Experimento social: ofrecen un trabajo con USD 2.320 de salario mensual para no hacer nada por el resto de la vida

Experimento social: ofrecen un trabajo con USD 2.320 de salario mensual para no hacer nada por el resto de la vida

Imagínese que por el resto de su vida no le darán nuevas tareas. Puede mirar películas todo el día, leer libros, dedicarse a su deporte o a su hobby preferido, explorar alguna tarea creativa o simplemente dormir. Lo único que tiene que hacer es marcar su ingreso al comienzo de la jornada y volver a hacerlo al final del día. El empleo es permanente, no hay posibilidad de que lo echen ni tendrá que preocuparse nunca por conseguir un nuevo trabajo. Y le van a pagar 2.320 dólares mensuales, con incrementos anuales, vacaciones y aportes para la jubilación.

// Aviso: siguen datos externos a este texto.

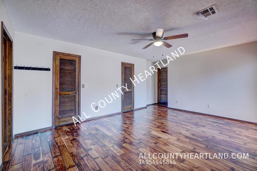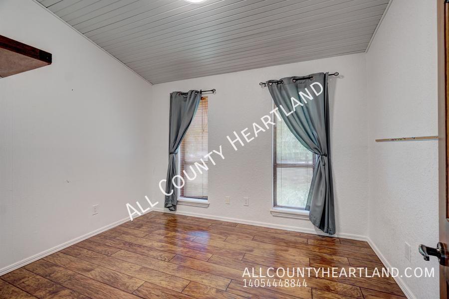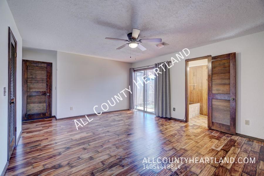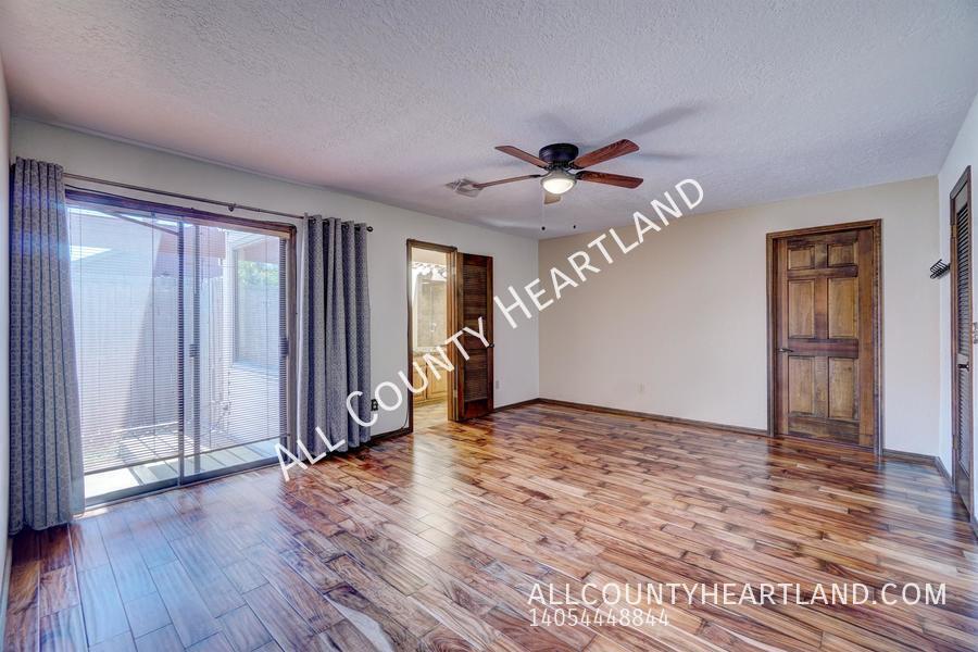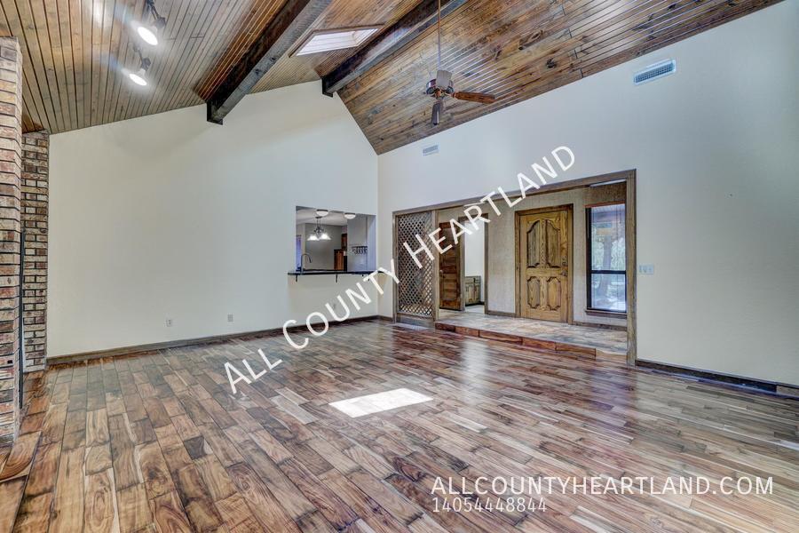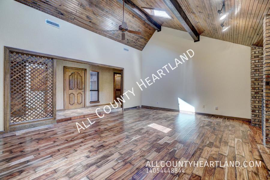 Must see this 4bed/ 2.5bath well loved home that has so much character. Large living area with fireplace and sky-light. Beautiful vaulted wood plank ceilings and new luxury wood plank flooring. Master bedroom features 2 walk-in closets, double vanity, shower & tub. Plus an office with it's own outside entrance! Spacious backyard with covered deck, sprinkler system, and wood privacy fence. Garage has lots of storage space and an in-ground storm shelter. ***As a bonus the home is equipped with solar panels, which will keep electric bills to almost nothing! Don't miss out on this amazing home. Schedule your tour today! No Smoking. Every All County Heartland Property Management residents are enrolled in the Resident Benefits Package (RBP) for an additional monthly fee which includes liability insurance, HVAC air filter delivery, on-demand pest control, and much more! More details upon application. 18 Months Lease 2 Car Garage 3 Bath 4 Bedroom Disposal Kitchen With Pass Thru Microwave Oven Storm Shelter Stove/Range Washer/Dryer Hook Up Wood Floors

Ese empleo, aunque no lo crea, existe y no hay requisitos previos para los postulantes, aunque recién aceptará solicitudes de los candidatos en 2025, cuando este próximo a inaugurarse el lugar en el que deberá presentarse cada día a «trabajar»: la nueva estación de tren de Korsvägen, en la ciudad de Gotemburgo, Suecia.

En 2017, la Agencia de Arte Público de Suecia y la Administración Sueca del Transporte llamaron a un concurso internacional para artistas interesados en realizar su aporte para la nueva estación. El ganador recibiría 7 millones de coronas suecas (USD 750 mil).

Simon Goldin y Jakob Senneby propusieron entonces romper con la idea del típico mural o escultura que adorna las estaciones de trenes y pensar en un proyecto disruptivo. Su idea se titula «Empleo eterno» y es, al mismo tiempo, un experimento social y un manifiesto político.

«Frente a la automatización masiva y la inteligencia artificial, la inminente amenaza/promesa es que todos nos convertiremos en productivamente superfluos», escribieron en el proyecto que resultó ganador. Antes de su oferta contracorriente: utilizar el dinero del premio para pagarle a un trabajador de por vida sin asignarle tarea alguna. «Todos estaremos empleados en Korsvägen, como solía ser», resumieron.

En la práctica, funcionará así: el trabajador marcará su ingreso por la mañana en la estación de Korsvägen. Automáticamente, se encenderá una fila de luces adicionales en las plataformas ferroviarias, avisando a los pasajeros que el trabajador sin tareas ya comenzó su jornada laboral. Durante el día, la persona seleccionada podrá hacer lo que quiera. Ni siquiera debe quedarse en la estación. Incluso puede renunciar y será remplazado por otro trabajador. «Cualquier cosa que el empleado elija hacer, será su trabajo». Al final del día, el trabajador marcará su salida, y las luces que anuncia su presencia se apagarán.

Los autores del proyecto citaron la teoría del economista francés Thomas Piketty sobre la riqueza acumulada creciendo a una tasa mayor que los incrementos en los salarios de los trabajadores. El resultado, según Piketty, es una brecha creciente entre los muy ricos y el resto de la población. Siguiendo esos cálculos, Goldin y Senneby estimaron que creando una fundación que impida que se le apliquen impuestos al importe del premio y luego invirtiéndolo ese dinero en el mercado, se podría pagar el salario de un empleado por toda la «eternidad».

De hecho, los artistas adjuntaron junto a su proyecto un análisis financiero de un banco sueco que concluye que si se coloca el dinero en un fondo de inversión, se podría pagar un salario mensual de 21.600 coronas (USD 2.312), con un incremento anual del 3,2% -consistente con los aumentos que perciben los empleados públicos en Suecia- y, según las fluctuaciones promedio del mercado, estimó que hay un 75% de posibilidades de que los intereses alcancen para pagar el salario durante 120 años.

«En este sentido, el trabajo artístico puede funcionar como una medida de nuestra creciente desigualdad», explicaron Goldin y Senneby.

En octubre pasado, al declarar ganador a este proyecto, el jurado lo definió como «una expresión artística de gran calidad». Pero la noticia generó un gran debate en Suecia, muchas veces contradictorio.

«Viejos socialdemócratas acusaron al proyecto de utilizar realismo financiero para burlarse de los logros trascendentales del Estado de bienestar», explicó en un artículo Brian Kuan Wood, miembro de la dirección de la Fundación Empleo Eterno. En tanto que «Progresistas neoliberales lo acusaron de desperdiciar dinero de los contribuyentes para montar un retorno nostálgico a ese mismo Estado de bienestar».